В пятницу утром, во время завтрака, приехали гости: столичный адвокат и художник. Они сели за отдельный стол, вместе с Альмой и Пиа, и съели чудесный фруктовый салат, который я тут пробовал в предпоследний раз. Адвокат и художник напоминали, по сути, двух художников – их роднили взгляды на искусство и образ жизни. Все у них было длинное и изящное – фигуры, лица и пальцы рук; все, кроме глаз. (Круглые шарики, наивные и простодушные, как у трехлетних детей, они притягивали к себе не только людей, но и животных, растения, даже предметы. Так, по крайней мере, мне казалось.) Возможно ли объяснить чудо, скрытое в существе, у которого утонченность каждого сустава говорила о темно-алмазном закате уходящей эпохи, а его глаза – о начале другой эпохи, о ее предстоящем наступлении?

Я ощущал, как группка, образованная Альмой, Пиа, адвокатом и художником, напоминает мне общество посвященных… Двое мужчин приехали, чтобы повидать свою сподвижницу.
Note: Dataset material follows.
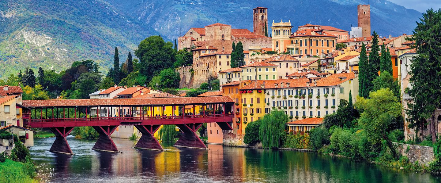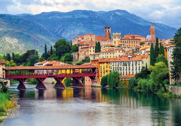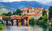Bassano del Grappa ist eine malerische Stadt in Italien, die in der Region Venetien liegt. Sie befindet sich am Fuße der Alpen, etwa 80 Kilometer nordwestlich von Venedig. Die Stadt ist berühmt für ihre historische Holzbrücke, die Ponte degli Alpini, und für die Herstellung des traditionellen Grappa, eines starken Tresterbrandes, der aus den Rückständen der Weinproduktion gewonnen wird. Bassano del Grappa hat eine reiche Geschichte, die bis in die römische Zeit zurückreicht, und war im Laufe der Jahrhunderte ein wichtiger Handels- und Kulturstandort. Die Stadt ist auch für ihre Kunstszene und ihre schönen Landschaften bekannt, die von den umliegenden Bergen und dem Fluss Brenta geprägt sind.

Если бы я мог слышать их разговор, перевести его и пересказать коллегам по институту или вообще людям их круга, то непременно бы установил, что меня не воспринимают: вот как – утонченное существо с детскими глазами привлекает каждого встречного, но когда заговорит, мир не понимает его.

– Не кажется ли тебе, Скотт, – сказал я гомеопату (он перестал есть, чтобы рассмотреть гостей), – что прекрасное всегда начинается с групп посвященных?

– Известное дело. Но они быстро исчезают или быстро развиваются. А их развитие тоже смертоносно для них.

– Всегда?

– Да. Чтобы развиться, они вынуждены говорить на популярном языке, т.е. элементарно. Элементарность выравнивает все, в конце всегда остается одно и то же.

Неожиданно для себя самого я обиделся.

– Не надо недооценивать эти вещи, Скотт. Ну, а если где-нибудь существует группа людей, которая делает свое дело тысячу лет? Вот ты говоришь, выравнивание повторяется. Но даже в самые прозаические моменты и в самых прозаических местах ощущение чьего-то далекого присутствия, наполняющего другим смыслом всю жизнь, не покидает меня. Ты не допускаешь, что оно человеческое?

Однако Скотт не пожелал вести этот разговор. Дружески похлопал меня по руке и принялся за завтрак.

Я продолжал наблюдать за адвокатом и художником: каждый попавший сюда человек принадлежал к тем, кто качается между двумя почти одинаковыми фразами, отброшенными на противоположные полюсы земли, посредством одного-единственного «нет» – «прекрасные и таинственные слова – иллюзия» и «прекрасные и таинственные слова – не иллюзия».

Пиа встала, попрощалась с гостями и ушла на кухню. Перед тем, как исчезнуть, она подала мне знак последовать за ней.

93.

Он – тот, кому читают лекции, кого возят по городу. Часа через два, – сообщила ему Пиа, – поедем в Стокгольм; покатаем тебя по столице в последний раз. Ты доволен? Конечно, хотя… Двое друзей Альмы привезли ей новость: в Штатах вышла книга о «Брандале»! И действительно, один американский врач жил тут целых три месяца, с тех пор прошло уже два года, и убеждал их, что возьмется за это дело. Сейчас стало ясно – он из тех, кто не бросает слов на ветер! Альма расплакалась, а потом решила «отпраздновать событие вместе с Петером» – покатать его по Стокгольму!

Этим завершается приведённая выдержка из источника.